Hm.. I bet that's how the STNG REs got where they are today! ;)  If
you get a chance, could you try taking those lines out, and see if
it still passes your test cases?

> Not according to the RE documentation in the Python 1.5.2 reference
> manual, they don't - that's quite clear in saying start and end of
> STRING, and recognition of newlines is only in MULTILINE mode.

Hm.  You're right.  I was confused.  I wonder why I was.  Oh well,
I still don't like the fact that '$' matches '\n'.

    >>> re.match('$', '\n')
    <SRE_Match object at 0x80d2790>

> > we should start making a list of proposed changes to STNG,
> > in order to make STpy and STNG more compatible..
> Well, no, I wouldn't say that.

Ho hum.  My list of things to do grows by one. :)

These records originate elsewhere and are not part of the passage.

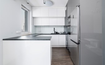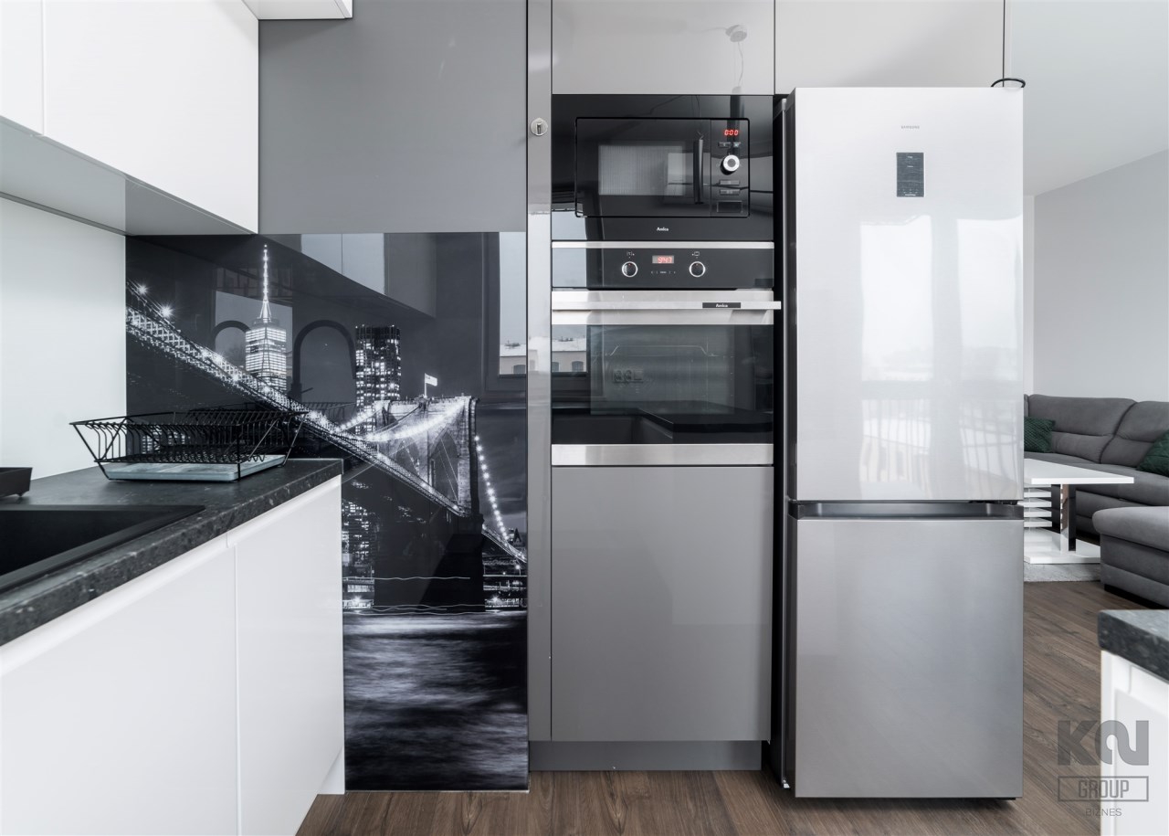 - funkcjonalny aneks kuchenny wyposażony m.in. w płytę indukcyjną, okap, piekarnik, mikrofalówkę, lodówkę z zamrażarką, zmywarkę;
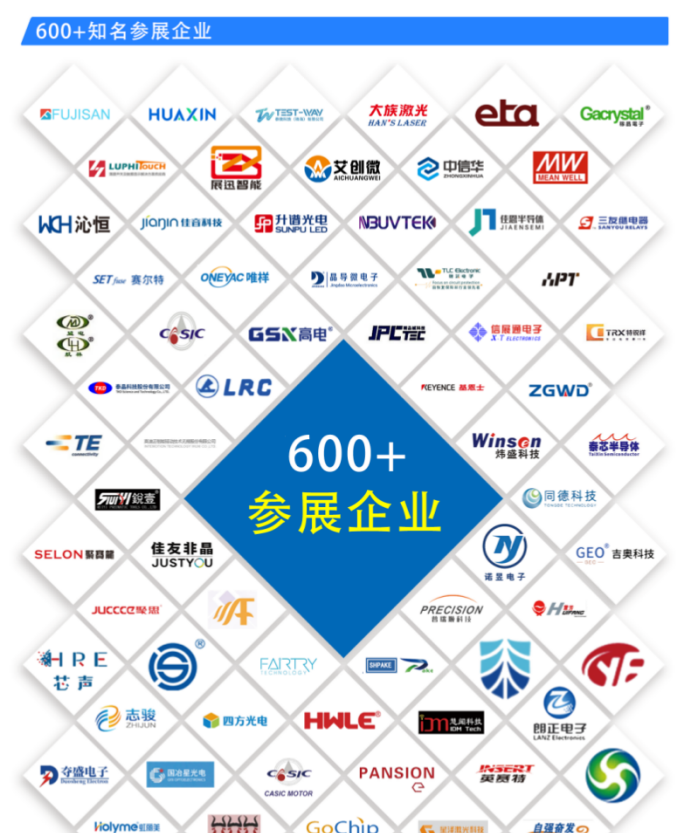 1.508家国内外知名参展企业:炜盛电子、沁恒微、深圳爱普特、巨晟科技、泰芯半导体、华芯微特、四方光电、苏州慧闻、艾礼富、雨菲电子、易通自动化、福义乐、竞沃电子、乐山无线电、三友联众、芯创、温达电子、双鹿智能、瑞比德传感、道合顺传感、馨源电子、广芯电子、华芯科技、航天电机、展讯智能、捷泰达等;
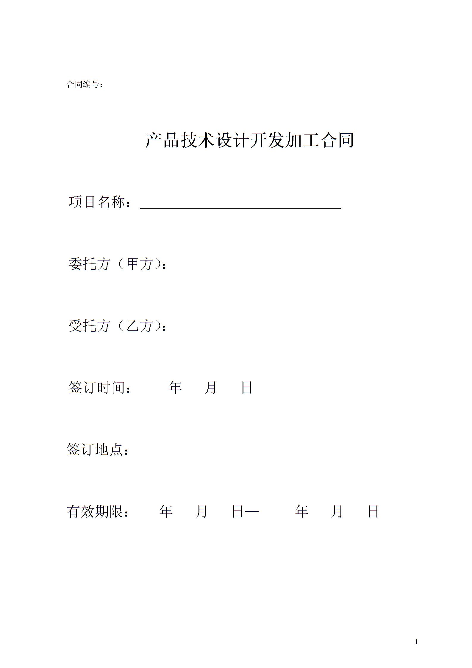 产品技术设计开发加工委托合同范本模板
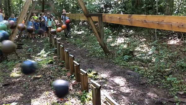 They can also be utilized for all kinds of STEM play and learning. A contraption like the one below may take up too much space, but a bowling ball pendulum would be a great addition to a play space.
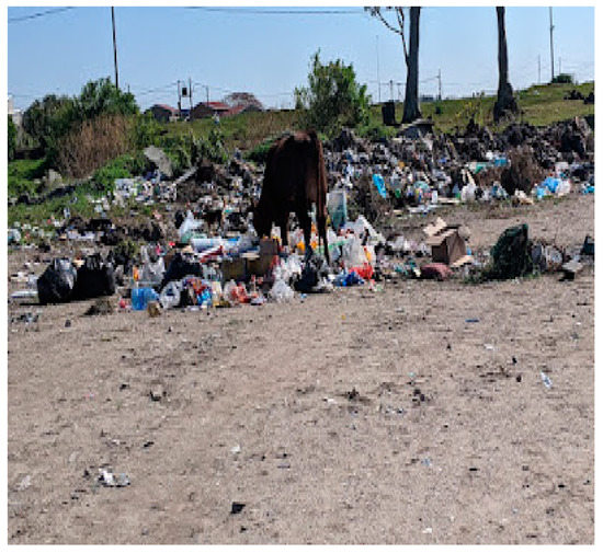 Jiang [114] summarized the presence of plastic wastes in food and animals and articulated the pervasive biological exposure to micro- or nanoplastics, implying that acknowledging the health consequences is a pressing and unmet need. During this review, we saw a cow rummaging waste in one of the South African cities and churning away at plastic waste (See Figure 6).
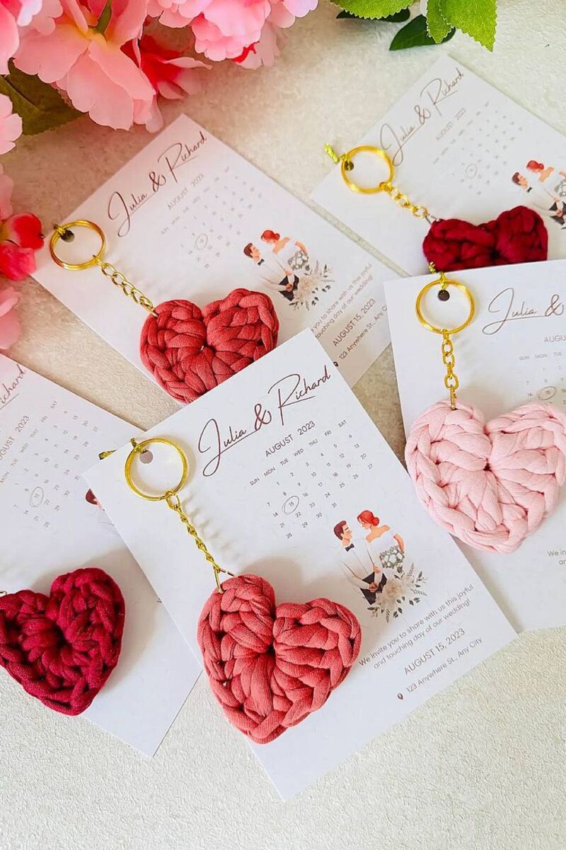 Móc khóa là vật dụng nhỏ gọn, thiết thực mà ai cũng sử dụng hàng ngày. Bạn có thể đặt làm móc khóa bằng kim loại, gỗ, hoặc mica, len,.. có khắc tên hai vợ chồng, ngày cưới hoặc một biểu tượng đặc trưng của hai bạn (ví dụ: hình trái tim, hình ngôi nhà, hoặc hình ảnh chibi của cô dâu chú rể). Đây là món quà bền bỉ, giúp khách mời luôn mang theo một phần kỷ niệm đẹp về ngày vui của bạn.
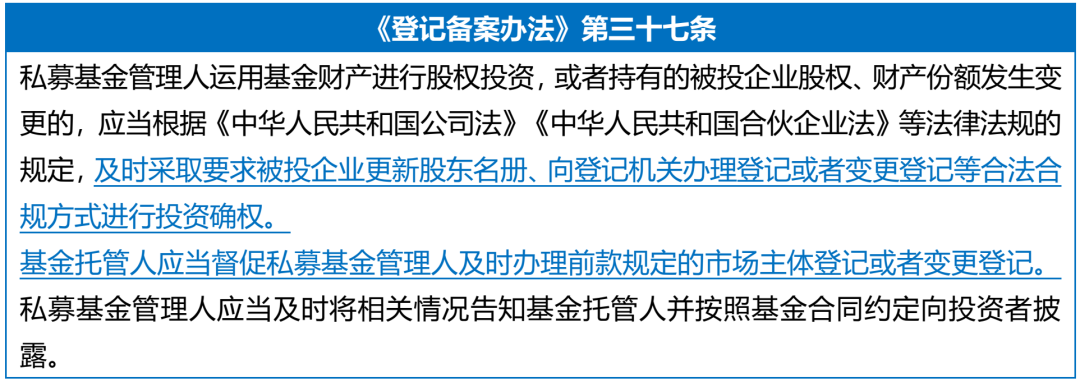 工商确权要求在此前的《备案须知》中主要体现在投资人层面,也即对于公司制、合伙制基金而言,管理人应及时为投资者进行工商确权登记,保障投资人权益。上述“投资确权”规定,将要求的范围拓宽至了项目层面,也即管理人应当在股权投资完成后,及时完成投资确权,确保基金享有出资人的各项权利。值得注意的是,上述规定还要求托管人督促管理人及时办理相关确权登记。
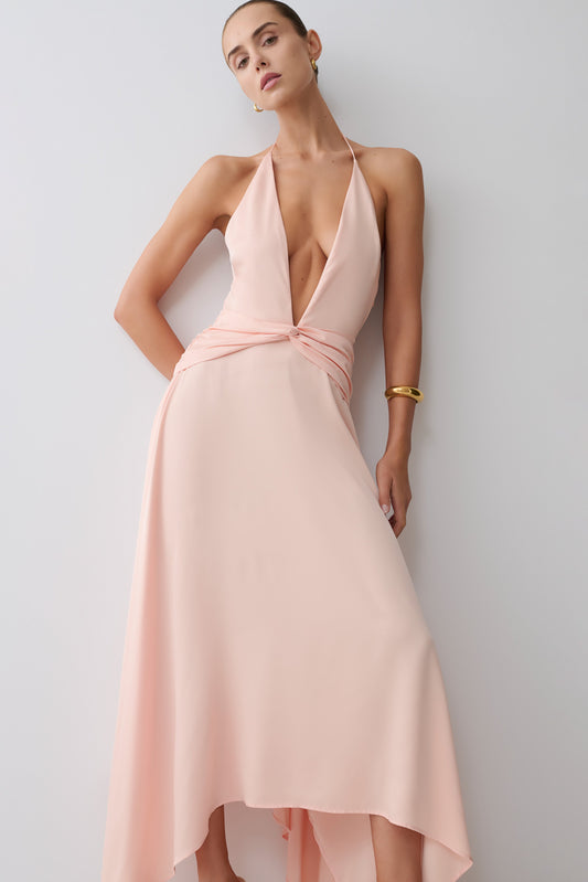 Regular price $189Unit price / perBack In StockStacie Pleated Halter Maxi Dress - Cacao

> > I haven't decided yet on whether I'm happy about having this
> > concept of "acceptable ending punctuation.."  It sort of seems
> > like *all* punctuation should be ok, or *none*..
> 
> I'm not *too* happy about it myself, and actually it's a string that's
> '%' included into the RE texts where it's needed - this means that (a)
> it's easy to change, but (b) it should be the same in all places - I
> thought consistency was a Good Idea.

I definitely agree that, if you do have it, using '%' to splice it in
is the Right Thing to do.  And that way we can one day try replacing
it with an RE for all punctuation, and see how that affects our
test cases. :)

> > (e.g., should it be ok to have a dash after
> > an *emph region*-like this?)
> 
> That looks wrong to me - but then you can see how I use dashes in plain
> text!

Ok.  Bad example.  How about saying e-*mail* to put stress on the 
"mail" part, or *bad*-ass...

> There *are* some conventions on how one uses punctuation - for instance,
> 'this ,' looks wrong to almost everyone. ST<whatever> just enforces some
> of them (this is, of course, yet another class of things to consider
> warning people about).

Well, we're not in the business of enforcing punctuation use, so when
we can get away with it reasonably, we should let them do whatever
they want.. The problem is deciding how it interacts with markup..

-Edward